# First planted tank. Wondering if you guys got any suggestions.



## bbqbetta (Aug 19, 2012)

My first planted tank. Using substrate is flora designed to keep ph at around 6.5 to 7. I have glosso and hairgrass infront. 
I dose co2 by excel (1 line everyday before lights on) they stay on for about 8 to 10 hours depending on wether I can switch it off or not. Also I dose a line of flourish liquid fertilizer so far no algae.
I use 13w fluval light on this 2 gallon spec. 

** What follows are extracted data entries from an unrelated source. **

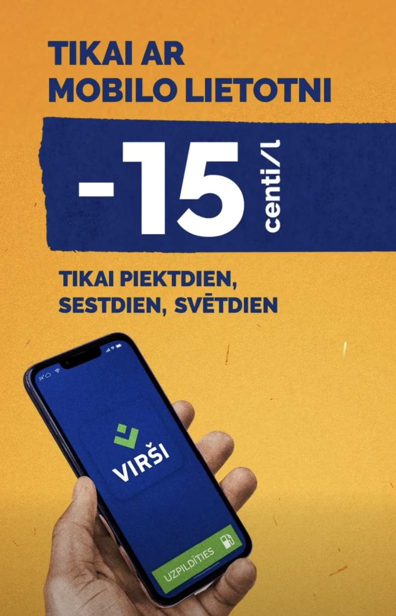 “Virši” reklamē to pašu 15 centu atlaidi litrā, taču tā pieejama, norēķinoties ar mobilo lietotni.
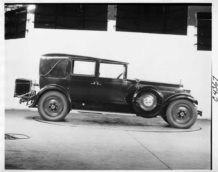 8x10 black and white Packard Co. file photograph of a 1926 Packard right side view. Inscribed on photo back: Packard Model 343, all weather town cabriolet, body by Dietrich.
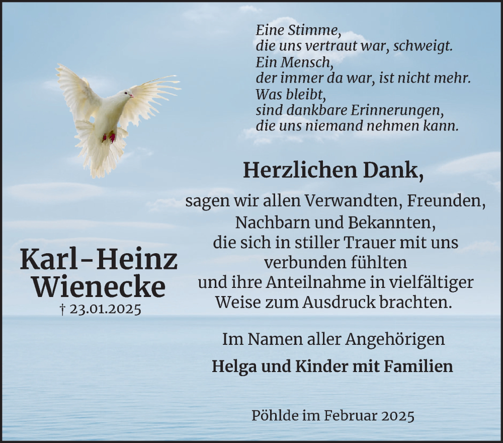Hier finden Sie alle Traueranzeigen aus der Zeitung, die bisher für Karl-Heinz Wienecke erschienen sind. Weitere Traueranzeigen, die in der Zeitung erscheinen, werden hier ebenfalls aufgelistet
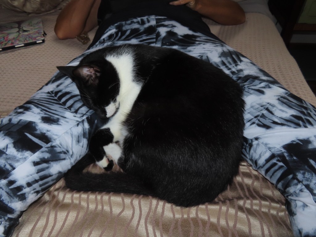 After a run to the fish market, our friend Jeff came over for a barbecue and to hang around the patio. The neighborhood cat quickly realized we were home and has returned to the house to declare herself queen of the castle once more.
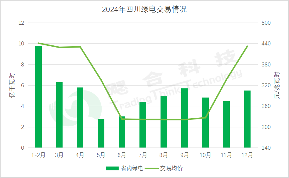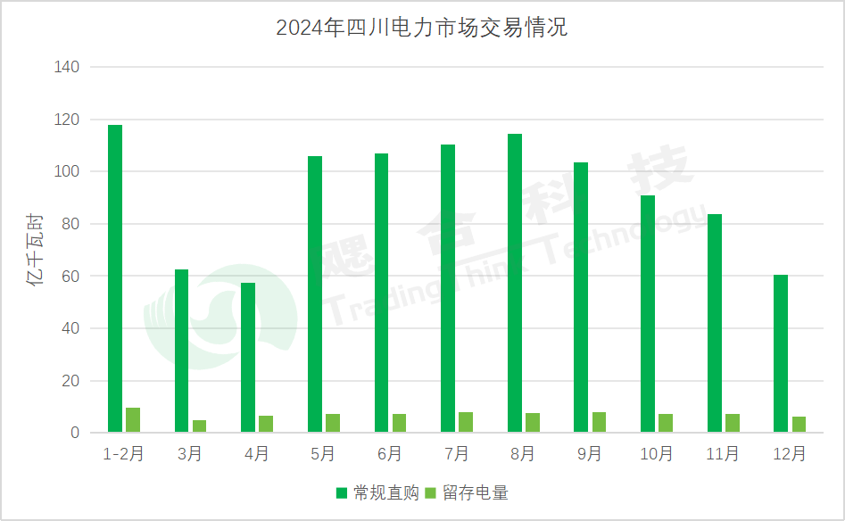 從電力交易情況來看,四川2024年新能源暫不參與現(xiàn)貨市場。2024年四川省內(nèi)市場化交易水電(風(fēng)光)電量共計(jì)1259.16億千瓦時(shí),同比減少8.23%,其中常規(guī)直購1013.54億千瓦時(shí),棄水電量消納108.22億千瓦時(shí),省內(nèi)綠電57.60億千瓦時(shí),綠電均價(jià)337.95元/兆瓦時(shí),留存電量79.80億千瓦時(shí)。
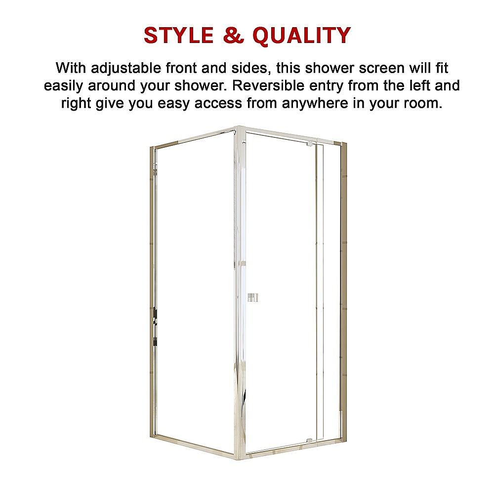 With adjustable front and sides, this shower screen will fit easily around your shower. Reversible entry from the left and right give you easy access from anywhere in your room. Make this elegant shower screen the centrepiece of your bathroom today.
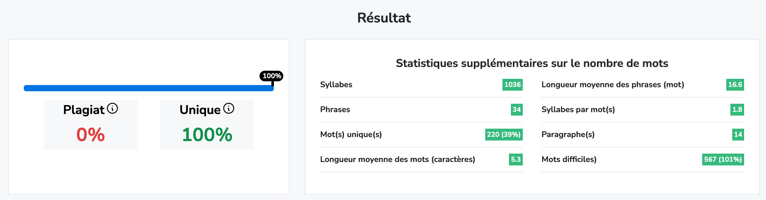 Je me suis tout de même livré à quelques petites vérifications... L'agence revendique que le contenu créé est unique. Il fallait le vérifier. J'ai pour cela soumis les contenus produits à un vérificateur de plagiat.
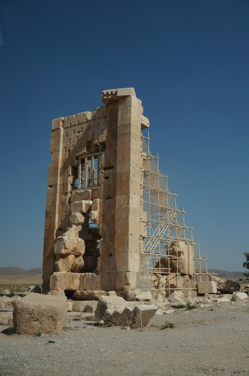 ナグシェ・ロスタムを出てパサルガダエに来ました。キュロス2世のお墓です。先ほどの岩山に彫刻するスタイルとは異なり、ピラミッド型に石が積み上げられています。
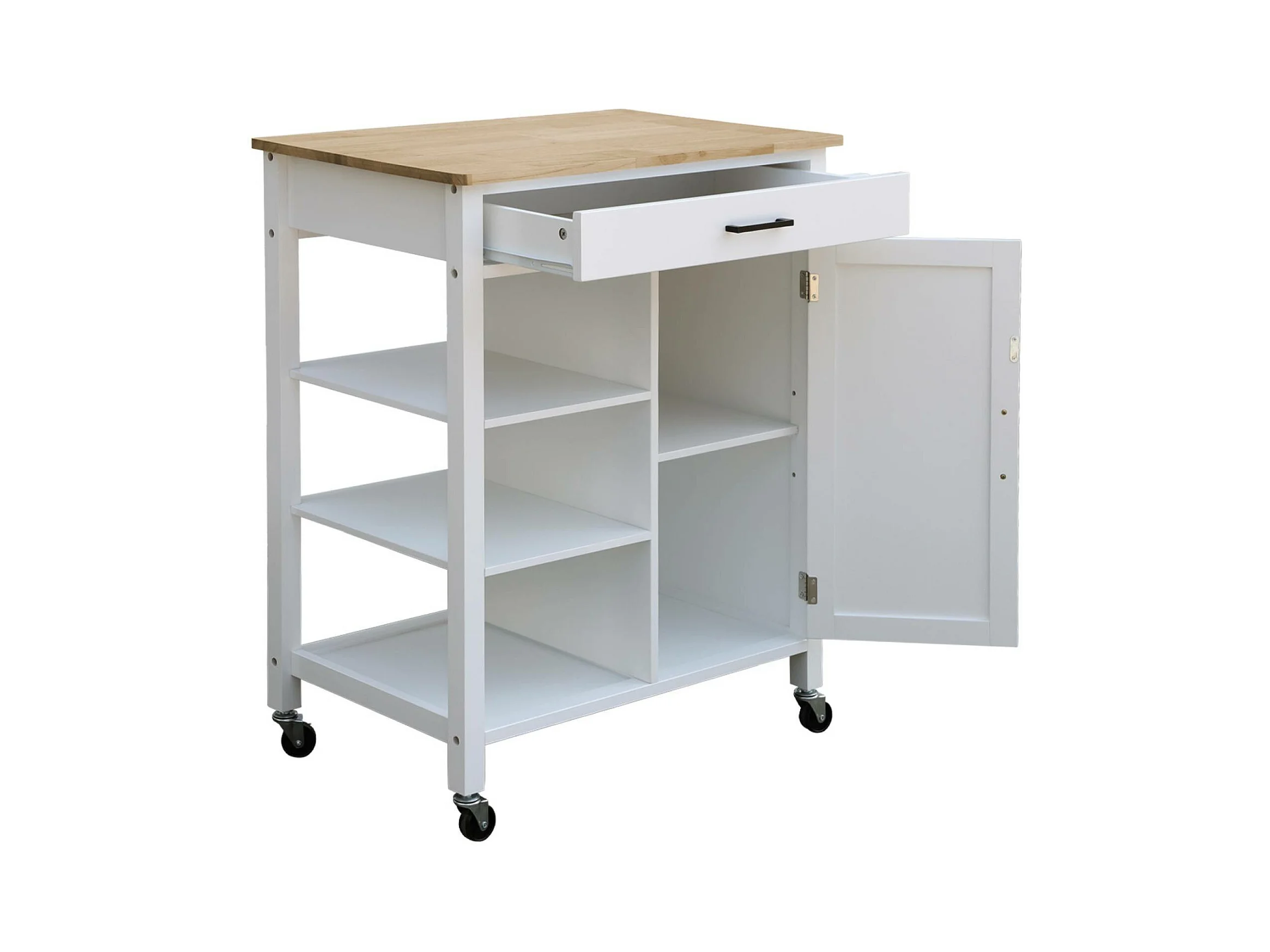 Carrello da cucina in legno di gomma con 5 ripiani, 74cm, bianco

Do you guys think I need additional co2? I'm worried that ph will fluctuate too much if I add more co2. Tanks been up since dec 13. Also, would mexican dwarft lobsters do okay with these plants or will they mow down plants? Suggestions n tips welcome. Thanks


Sent from my SAMSUNG-SGH-I317 using Tapatalk 2


----------



## CRS Fan (Apr 21, 2010)

Tank looks good for a first-timer. I would definitely get a small cheap timer and put your tank on a 7-8 hour photoperiod (hardware stores will cary them). I would also add some more fast growing plants (like Hygrophila polysperma, Rotala rotundifolia, or something similar). Your may experience an algae bloom if you don't cut down the photoperiod and add some quick growing plants soon.

JMHO !

Stuart


----------